- **What you will do**
The answer must reproduce exactly the lines from the one with "Muy cerca del" through the end of the material, and it must contain no pictures.

- **Supplied data**
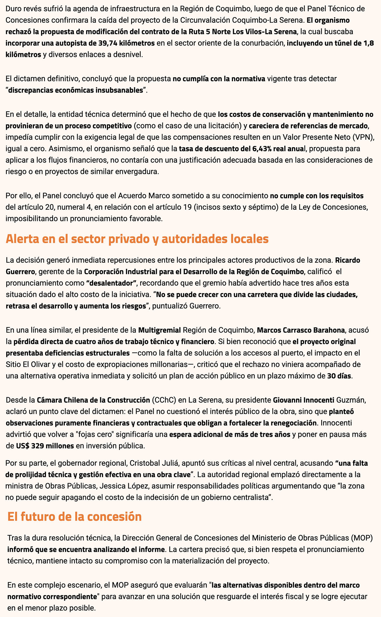 DIARIO FINANCIERO – El Panel Técnico de Concesiones determinó que los costos operacionales de las obras proyectadas no provienen de un proceso competitivo y cuestionó la consistencia de la tasa de descuento utilizada. Gremios locales y autoridades advierten sobre el duro golpe a la inversión y a la conectividad regional tras este revés administrativo.
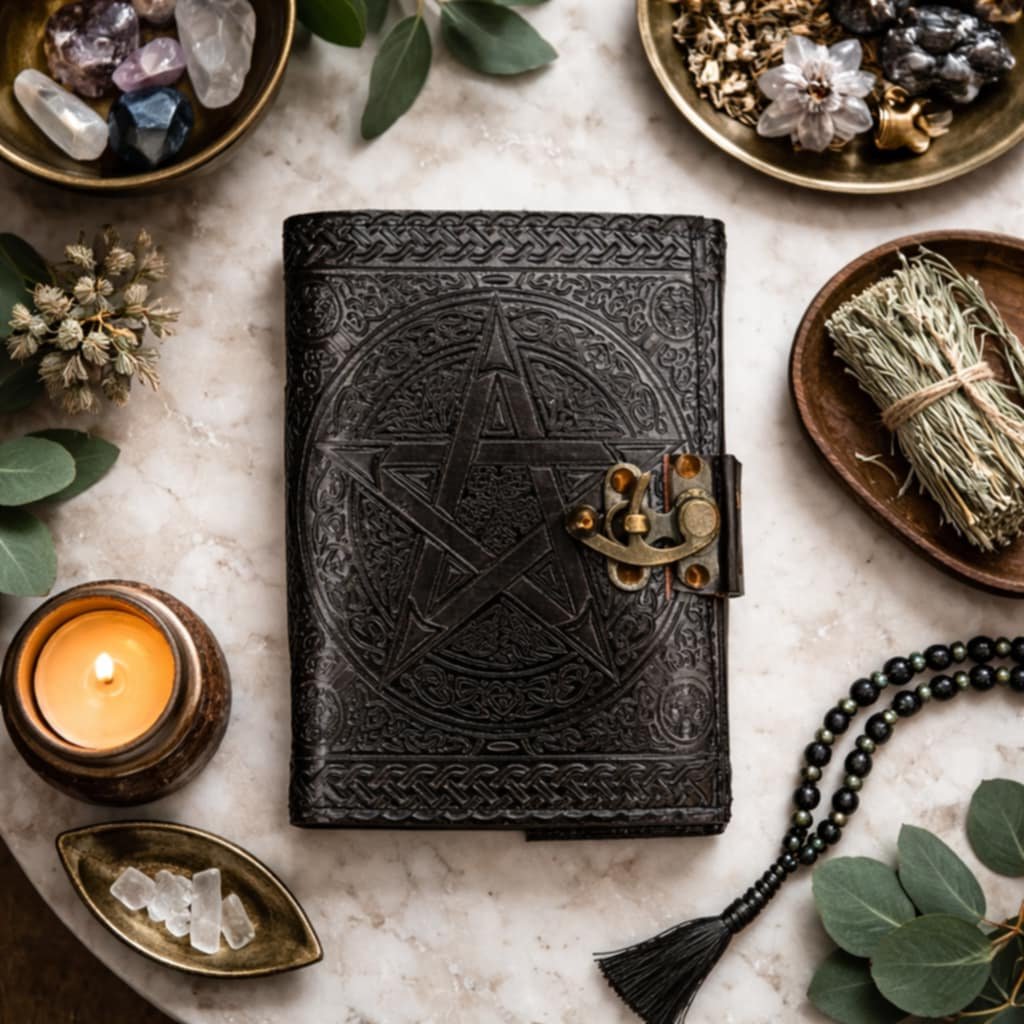 Kožený zápisník, diář nebo knížka na malování? Bude vše co si budete přát dle Vaší libosti. Ať už se používá k zapisování rychlých poznámek a náčrtů nebo k vytváření osobní knihy kouzel, tento kožený deník je ideální pro čarodějnice i milovníky fantasy. Reliéfní kožený obal a rustikální papírové stránky vytvářejí opotřebovaný, okouzlující kousek, který se bude předávat a užívat po generace. Obsahuje detailní pentagramový design s mosazným kovovým uzávěrem. Ručně vyrobené v Indii z pravé kůže a nelinkovaných papírových stránek.
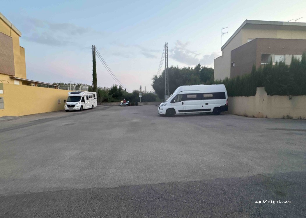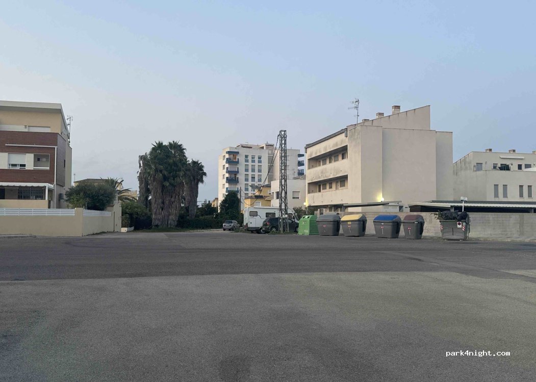 Muy cerca del parking de autocaravanas que solo es diurno - se puede venir aqui para pasar la noche y volver allí por la mañana, ya que está tocando la playa. Vecindario tranquilo y por la mañana da la sombra. Espacio para 5 vehículos.
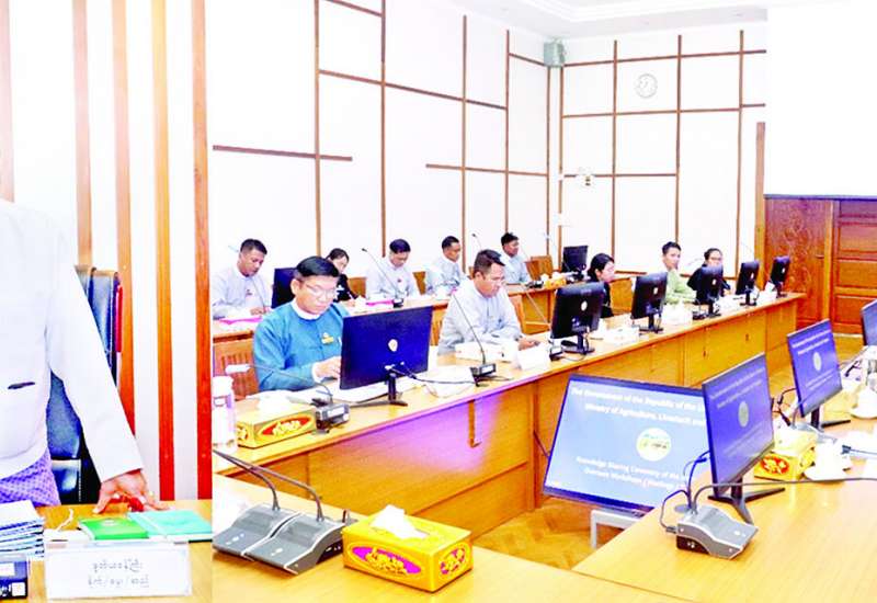 မွေးမြူရေးပညာရပ်ဆိုင်ရာ ပြည်ပသင်တန်းအတွေ့အကြုံများ ဆွေးနွေးဖလှယ်ခြင်းကို ယနေ့နံနက်ပိုင်းက စိုက်ပျိုးရေး၊ မွေးမြူရေးနှင့်ဆည်မြောင်းဝန်ကြီးဌာန ပြည်ထောင်စုဝန်ကြီးရုံး အစည်းအဝေးခန်းမ၌ ကျင်းပပြုလုပ်ရာ ဒုတိယဝန်ကြီး ဒေါက်တာအောင်ကြီး၊ ညွှန်ကြားရေးမှူးချုပ်များ၊ ဌာနဆိုင်ရာတာဝန်ရှိသူများ တက်ရောက်ကြသည်။

- **Completed exercise**
 Muy cerca del parking de autocaravanas que solo es diurno - se puede venir aqui para pasar la noche y volver allí por la mañana, ya que está tocando la playa. Vecindario tranquilo y por la mañana da la sombra. Espacio para 5 vehículos.
 မွေးမြူရေးပညာရပ်ဆိုင်ရာ ပြည်ပသင်တန်းအတွေ့အကြုံများ ဆွေးနွေးဖလှယ်ခြင်းကို ယနေ့နံနက်ပိုင်းက စိုက်ပျိုးရေး၊ မွေးမြူရေးနှင့်ဆည်မြောင်းဝန်ကြီးဌာန ပြည်ထောင်စုဝန်ကြီးရုံး အစည်းအဝေးခန်းမ၌ ကျင်းပပြုလုပ်ရာ ဒုတိယဝန်ကြီး ဒေါက်တာအောင်ကြီး၊ ညွှန်ကြားရေးမှူးချုပ်များ၊ ဌာနဆိုင်ရာတာဝန်ရှိသူများ တက်ရောက်ကြသည်။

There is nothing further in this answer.